Live support software

Comm100 Live Chat is an online web chat software offered via the SaaS (Software as a service) business model. It is used by companies to centrally manage inquiries and support for customers on various platforms, utilizing live chat and AI-assisted responses to interact with the end-user.

== History ==

The first version of Comm100 Live Chat was released on August 5, 2009. In October 2011, Comm100 Live Chat was featured in Apps of the Month on TechRepublic by Scott Lowe. The company had 200,000 registered business users in October, 2012. In January 2013, Comm100 Live Chat released version 7.0 which features Salesforce integration and a redesigned operator console. In the same month, Comm100 Live Chat was ranked top 3 in the "2013 Best Enterprise Chat Software" category on Top Ten Reviews. During the March 2013 upgrade of the live chat software, zero downtime was made available.

== Malware infection ==
In 2022, the Comm100 Live Chat installer was compromised due to a supply chain attack on Comm100. The software was bundled with a backdoor within its JavaScript code file which allowed for arbitrary code execution by the attacker. Due to the software being signed using a valid digital signature, the vulnerability was not detected by antivirus software.

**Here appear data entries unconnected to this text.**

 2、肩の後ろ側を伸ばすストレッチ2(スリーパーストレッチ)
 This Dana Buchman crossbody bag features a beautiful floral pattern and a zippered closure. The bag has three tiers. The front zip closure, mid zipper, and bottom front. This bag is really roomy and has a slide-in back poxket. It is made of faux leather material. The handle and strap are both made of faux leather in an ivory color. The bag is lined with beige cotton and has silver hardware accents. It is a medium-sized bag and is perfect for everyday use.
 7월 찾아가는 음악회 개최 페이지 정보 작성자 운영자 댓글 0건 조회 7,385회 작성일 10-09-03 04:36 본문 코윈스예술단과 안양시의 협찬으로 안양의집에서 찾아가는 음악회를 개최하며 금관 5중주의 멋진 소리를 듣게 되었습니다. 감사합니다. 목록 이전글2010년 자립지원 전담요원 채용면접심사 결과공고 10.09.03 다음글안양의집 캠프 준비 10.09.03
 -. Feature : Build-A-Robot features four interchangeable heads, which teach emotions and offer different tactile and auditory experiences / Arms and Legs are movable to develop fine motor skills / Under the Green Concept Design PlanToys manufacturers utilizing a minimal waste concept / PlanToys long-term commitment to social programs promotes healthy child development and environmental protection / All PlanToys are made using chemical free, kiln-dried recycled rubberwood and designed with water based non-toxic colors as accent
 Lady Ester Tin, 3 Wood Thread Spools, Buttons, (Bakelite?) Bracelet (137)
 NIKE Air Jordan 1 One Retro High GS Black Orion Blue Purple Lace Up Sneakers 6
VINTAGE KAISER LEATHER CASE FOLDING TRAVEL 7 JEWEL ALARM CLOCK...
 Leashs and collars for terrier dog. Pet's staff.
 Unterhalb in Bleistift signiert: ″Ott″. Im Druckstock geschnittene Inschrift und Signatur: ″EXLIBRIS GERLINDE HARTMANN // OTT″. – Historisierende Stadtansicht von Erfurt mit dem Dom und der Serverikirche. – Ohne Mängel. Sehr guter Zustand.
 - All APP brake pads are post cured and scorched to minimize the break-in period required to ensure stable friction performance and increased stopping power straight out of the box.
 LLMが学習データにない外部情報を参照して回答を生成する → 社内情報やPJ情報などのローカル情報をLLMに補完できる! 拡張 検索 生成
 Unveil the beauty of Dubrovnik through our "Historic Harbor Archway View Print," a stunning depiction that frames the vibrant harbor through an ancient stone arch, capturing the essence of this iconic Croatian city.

The malware was active from approximately September 27 until September 29, when the malicious code was removed in a subsequent update. It is presumed that the attack originated from China, as comments written with Chinese characters were found within the code.

== Features ==

Comm100 Live Chat consists of three features, a web chat window, an operator console and a control panel. They include a web-based version that works with different web browsers (Chrome, IE, Firefox, Safari, Opera, etc.) on different operating systems (Windows, Mac, Linux) while the operator console has a cross-platform compatible desktop app and apps for mobile devices (iPhone, iPad, Android, and BlackBerry).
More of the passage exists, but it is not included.